#### Data below

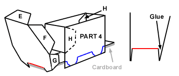 Step 20 Glue flaps H to form the ends of the bogie box. Part 4 should look like figure 4 above when you are done assembling it.
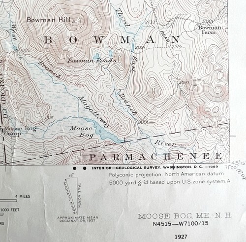 - Map Moose Bog Maine NH 1927 Topographic Geo Survey 1:62500 21 x 17" TOPO3
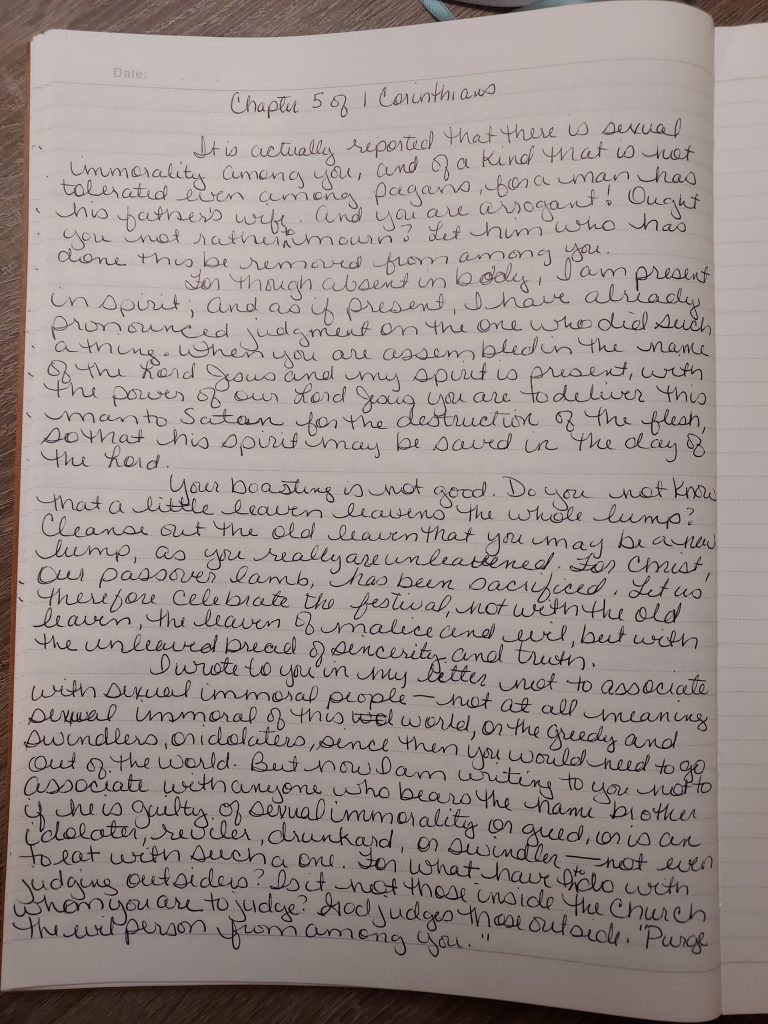 Good morning. Chapter 5 is a hard chapter for me. It is very clear what he was asking the brethren to do. They were to remove the person who was committing sin from among them. This is a very hard thing for me. Especially knowing that I am not perfect and sin daily.
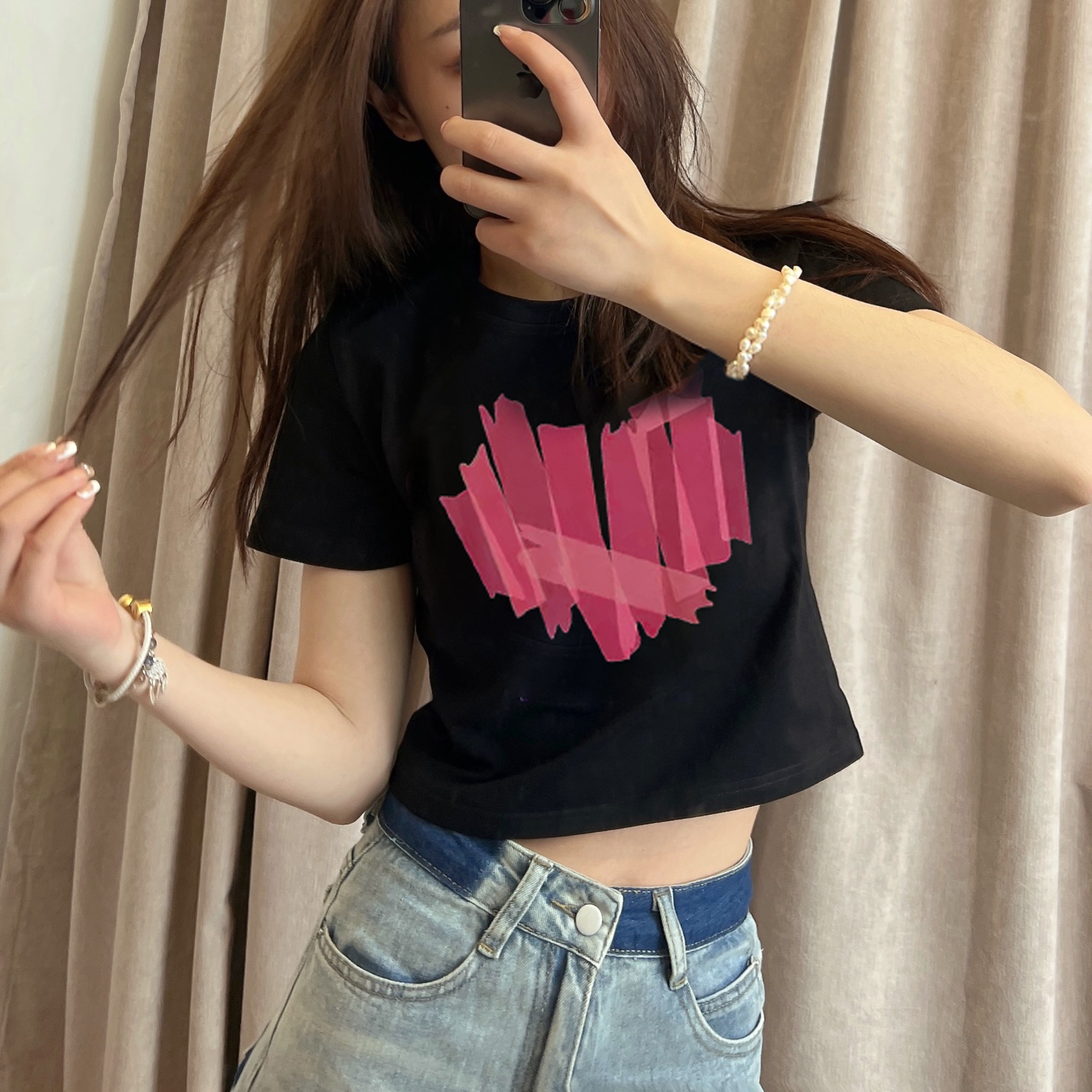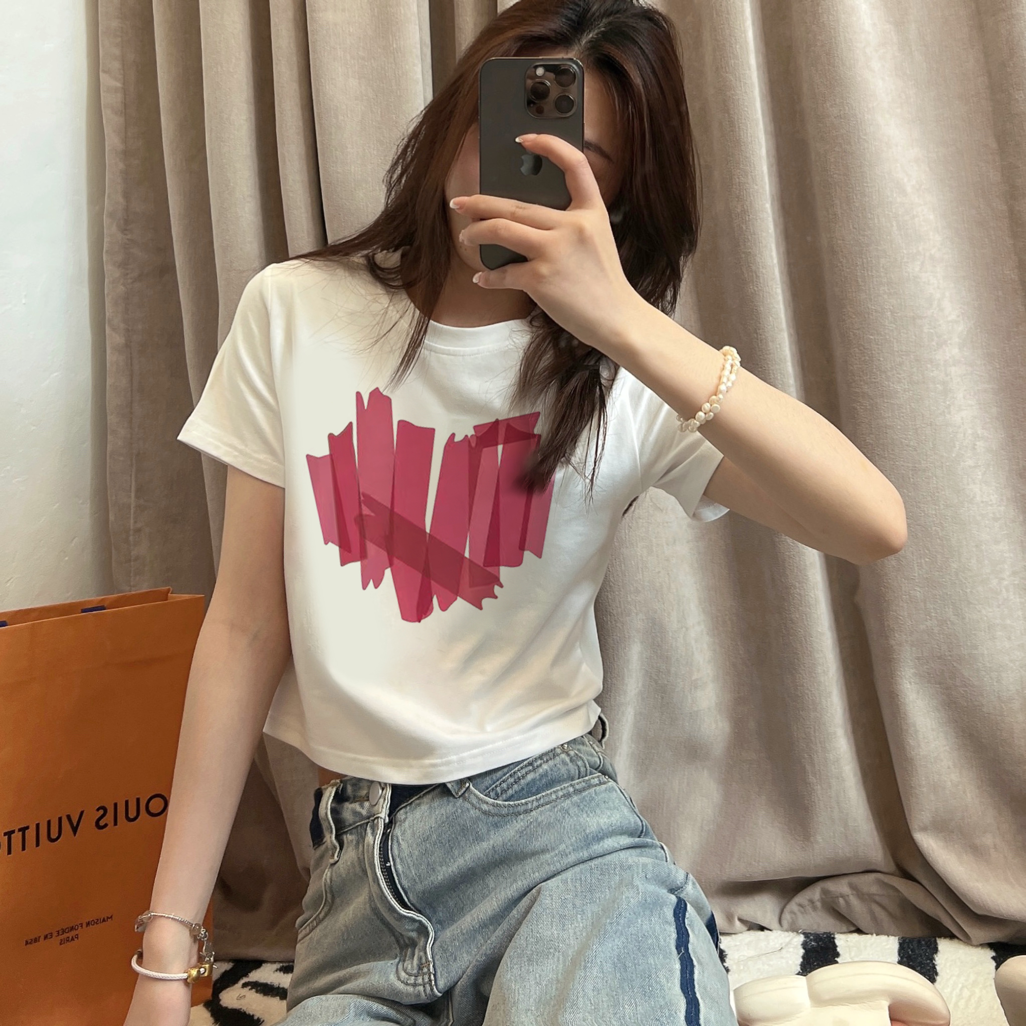 RY218# 2026春夏新款纯棉 修身短款T恤女短袖

########

Description of the task
Could you copy, exactly and with no pictures, each line from the first one above to the line holding "- Map Moose"?

Response to this task
 Step 20 Glue flaps H to form the ends of the bogie box. Part 4 should look like figure 4 above when you are done assembling it.
 - Map Moose Bog Maine NH 1927 Topographic Geo Survey 1:62500 21 x 17" TOPO3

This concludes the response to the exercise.